Facebook probes migrant smugglers’ advert for trips to bypass Greece
Facebook was investigating on Friday a report that people smugglers were using its US-based website to sell tickets on a new boat route from Turkey into the European Union that lands in Italy and avoids the main entry point of Greece.
A spokeswoman for the social networking company told the Thomson Reuters Foundation that they were looking into the origins of an advert which was offering passage on boats to Italy from the Turkish port of Mersin at $4,000 per person.
The advert, reported by Britain's Guardian newspaper on Friday but no longer visible on Facebook, appeared after Turkey agreed with the European Union this month to return migrants and refugees who cross illegally to Greece.
In the past two years scores of would-be migrants seeking to escape conflict in the Middle East have used Facebook as their compass for finding the people smugglers they hope will lead them to a better life in Europe.
But this advert appeared to shed light on a new, more lucrative route used by traffickers with the trip to Italy costing about four times as much as a boat to Greece, the main route used by more than one million migrants in the past year.

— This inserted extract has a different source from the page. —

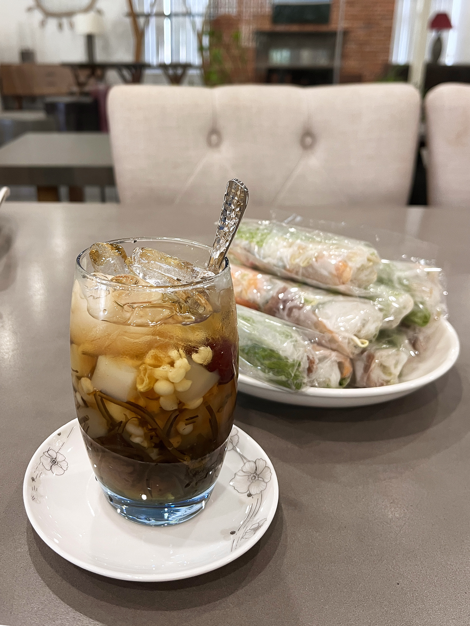 打ち合わせ中のおやつにスイートスープ(チェー che)と生春巻きをいただきました。チェーは初めて食べましたが、色々なフルーツが入っていて美味しいかったです。(昆布らしきものも入っていて微妙ではありましたが。)
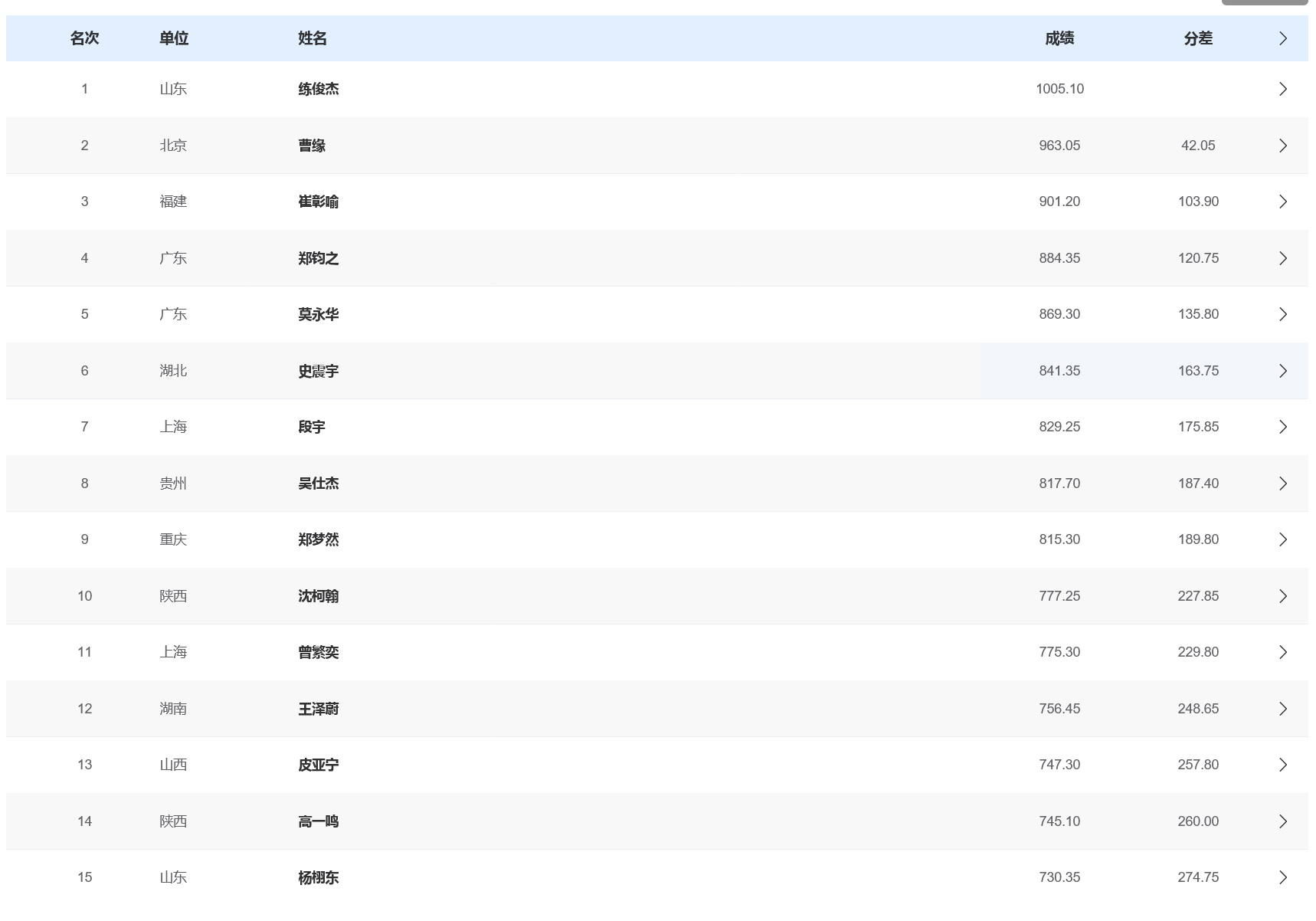 此役精彩角逐,山东名将练俊杰综合表现更稳,以1005.10分的成绩夺得金牌,一扫上届三项银牌的遗憾。曹缘963.05分获得银牌,福建选手崔彰喻901.20分获得铜牌。

“The trip is on Saturday, from Mersin to Italy, on a merchant ship 110 meters long, equipped with food, water, life jackets and medicine," the Guardian quoted the Facebook post as saying.
Reacting to the advert, some refugees told the Guardian that the scheme could be a scam as scores of would-be migrants have been tricked in the past two years by people posing as organizers of similar trips.
Turkey has agreed to start retaking rejected asylum seekers from April 4 with the plan designed to end the uncontrolled influx of migrants and refugees across the Aegean Sea to Greece in the past year.
But the United Nations called on Friday for legal safeguards to be in place before refugees are returned to Turkey under the agreement with the EU, while warning that conditions in Greece are deteriorating.